*** Supplied information ***
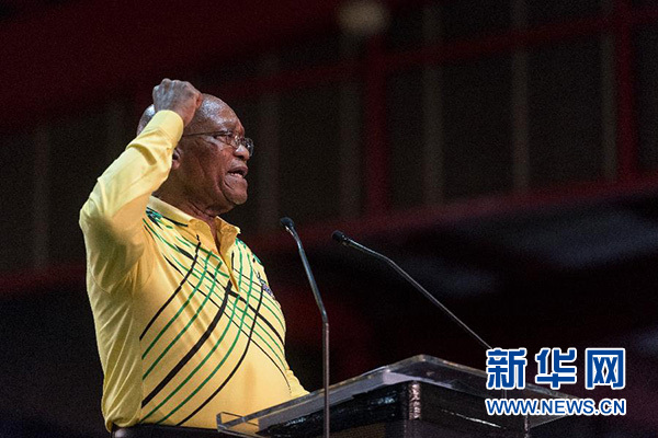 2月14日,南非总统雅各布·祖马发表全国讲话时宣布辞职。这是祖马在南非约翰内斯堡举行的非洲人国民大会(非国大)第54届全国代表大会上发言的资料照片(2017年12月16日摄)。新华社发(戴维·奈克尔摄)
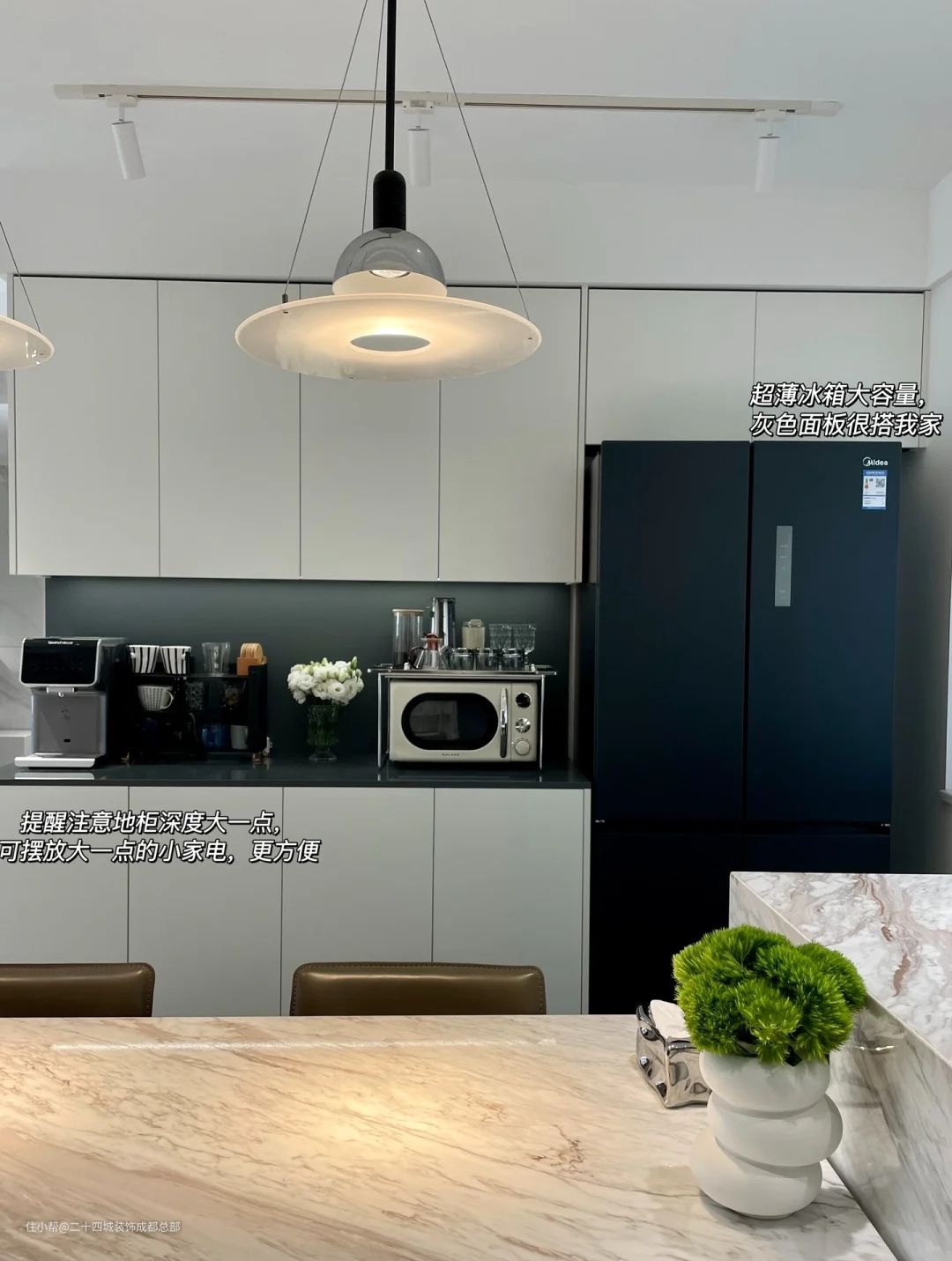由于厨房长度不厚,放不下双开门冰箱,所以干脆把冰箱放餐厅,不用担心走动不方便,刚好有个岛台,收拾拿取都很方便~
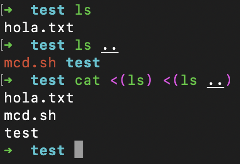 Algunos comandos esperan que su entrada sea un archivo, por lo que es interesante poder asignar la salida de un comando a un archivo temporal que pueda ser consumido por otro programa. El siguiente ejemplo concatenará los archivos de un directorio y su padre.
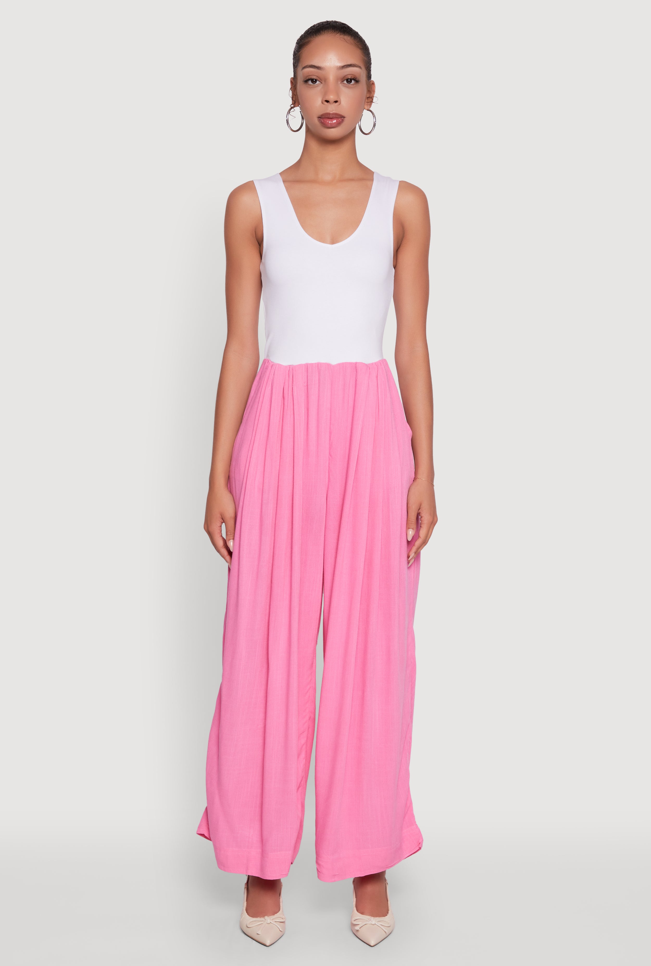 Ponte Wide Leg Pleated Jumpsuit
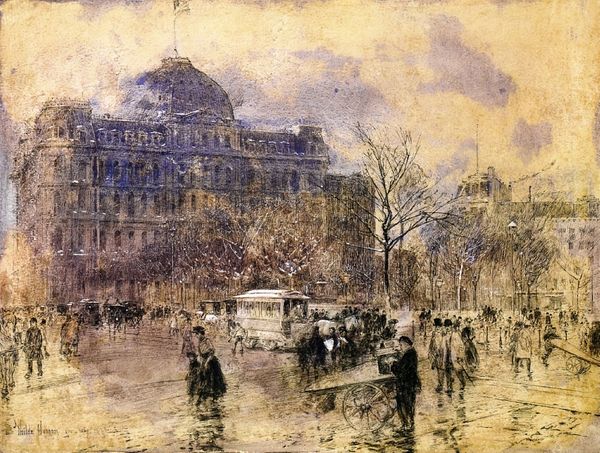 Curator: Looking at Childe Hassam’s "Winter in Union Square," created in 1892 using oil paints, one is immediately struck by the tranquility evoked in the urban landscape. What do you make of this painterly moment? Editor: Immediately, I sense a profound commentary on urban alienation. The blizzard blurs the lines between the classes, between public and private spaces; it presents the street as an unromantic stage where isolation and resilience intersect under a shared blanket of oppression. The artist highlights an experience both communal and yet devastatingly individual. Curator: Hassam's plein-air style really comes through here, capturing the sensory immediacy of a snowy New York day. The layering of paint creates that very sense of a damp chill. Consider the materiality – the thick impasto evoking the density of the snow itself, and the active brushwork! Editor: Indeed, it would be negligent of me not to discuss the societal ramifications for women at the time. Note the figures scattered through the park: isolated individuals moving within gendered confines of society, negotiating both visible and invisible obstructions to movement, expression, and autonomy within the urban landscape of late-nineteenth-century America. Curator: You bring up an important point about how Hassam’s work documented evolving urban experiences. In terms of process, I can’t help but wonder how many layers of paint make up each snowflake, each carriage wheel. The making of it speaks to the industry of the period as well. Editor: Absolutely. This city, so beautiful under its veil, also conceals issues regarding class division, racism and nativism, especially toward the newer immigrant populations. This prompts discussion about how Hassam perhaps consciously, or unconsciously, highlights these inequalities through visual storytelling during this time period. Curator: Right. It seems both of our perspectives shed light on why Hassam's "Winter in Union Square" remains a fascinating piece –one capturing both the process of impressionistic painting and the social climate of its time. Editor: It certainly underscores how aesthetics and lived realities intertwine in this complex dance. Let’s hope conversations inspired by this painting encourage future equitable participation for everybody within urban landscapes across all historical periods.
*** End of Supplied information ***
Assigned task: Pictures are to be left out, and the lines from the beginning of the records through the line with "Ponte Wide Leg Pleated Jumpsuit" are to be printed exactly, with nothing added.

Your solution:
 2月14日,南非总统雅各布·祖马发表全国讲话时宣布辞职。这是祖马在南非约翰内斯堡举行的非洲人国民大会(非国大)第54届全国代表大会上发言的资料照片(2017年12月16日摄)。新华社发(戴维·奈克尔摄)
由于厨房长度不厚,放不下双开门冰箱,所以干脆把冰箱放餐厅,不用担心走动不方便,刚好有个岛台,收拾拿取都很方便~
 Algunos comandos esperan que su entrada sea un archivo, por lo que es interesante poder asignar la salida de un comando a un archivo temporal que pueda ser consumido por otro programa. El siguiente ejemplo concatenará los archivos de un directorio y su padre.
 Ponte Wide Leg Pleated Jumpsuit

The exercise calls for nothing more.